The RDP algorithm initially throws everything away except the two end points, then it looks for points that are farther away from the segment than some tolerance. If a point is far enough away, the algorithm introduces that point and recurses on the new segments.

In the figure below we originally approximate the grey polyline with the thick blue polyline consisting of just the endpoints. Then the distances from each point to the simplified polyine are calculated. One of them is father away than the given tolerance, so we reintroduce it. Now we repeat the process for the two new segments. The left segment finds two points which are farther away than the tolerance, so the farthest is reintroduced. At this stage, all points are closer than the tolerance so the algorithm terminates.

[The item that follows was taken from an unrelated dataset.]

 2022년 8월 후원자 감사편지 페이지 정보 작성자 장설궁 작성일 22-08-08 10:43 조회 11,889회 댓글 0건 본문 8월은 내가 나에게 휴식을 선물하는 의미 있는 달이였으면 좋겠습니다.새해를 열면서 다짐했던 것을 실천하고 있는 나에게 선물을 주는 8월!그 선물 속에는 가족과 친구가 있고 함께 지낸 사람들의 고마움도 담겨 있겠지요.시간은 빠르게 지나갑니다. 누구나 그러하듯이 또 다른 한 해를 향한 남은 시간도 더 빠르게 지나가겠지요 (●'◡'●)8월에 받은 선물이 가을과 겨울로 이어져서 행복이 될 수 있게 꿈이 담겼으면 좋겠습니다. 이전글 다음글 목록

The Ramer Douglas Peucker algorithm tends to honor deviations. At each iteration it introduces the point which is farthest away from the current segment, even if that point might not be the best choice. This can lead to results which do not seem correct.

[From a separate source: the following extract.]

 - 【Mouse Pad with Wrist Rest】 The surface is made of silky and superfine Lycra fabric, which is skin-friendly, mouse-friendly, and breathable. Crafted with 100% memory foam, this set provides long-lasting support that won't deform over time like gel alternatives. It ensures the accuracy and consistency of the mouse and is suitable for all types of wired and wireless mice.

Here is an simplistic implementation of the Ramer Douglas Peucker algorithm. This demonstrates the character of the algorithm, it is not the optimized variant that I implemented for work. Some details, and all error handling code are omitted.

struct Point {
    double x, y;
};

// Return the distance between the segment defined by a--b and the point c
double SegmentPointDistance(const Point& a, const Point& b, const Point& c);

// Recursive application of the Ramer Douglas Peucker algorithm
void RDPFilterRec(const std::vector& polyline, double tolerance, 
                  size_t begin, size_t end, std::vector* results) {
    // If we have recursed to a segment of two points, then return
    if (end - begin <= 2) {
        results->push_back(polyline[begin]);
        return;
    }

    // Find the point which is farthest away from the current segment
    double max_distance = 0;
    size_t split_index = begin;

    for (size_t i = begin + 1; i < end - 1; i++) {
        double d = SegmentPointDistance(polyline[begin], polyline[end - 1], 
                                        polyline[i]);

        if (d > max_distance) {
            split_index = i;
            max_distance = d;
        }
    }

    // Recurse if required
    if (max_distance > tolerance) {
        RDPFilterRec(polyline, tolerance, begin, split_index + 1, results);
        RDPFilterRec(polyline, tolerance, split_index, end, results);
    } else {
        results->push_back(polyline[begin]);
    }
}

// Ramer Douglas Peucker filter on the input polyline with the given tolerance
void RDPFilter(const std::vector& polyline, double tolerance,
               std::vector* results) {
    RDPFilterRec(polyline, tolerance, 0, polyline.size(), results);
    results->push_back(polyline.back());
}

One interesting aspect of this implementation is that due to how the recursion proceeds from beginning to end of the result polygon, a simple vector for the result is appropriate. Of course the size of the result polyline is unknown, it depends on the input tolerance and the shape of the input line, but this implementation can still be efficient with respect to memory allocations and copying stuff around.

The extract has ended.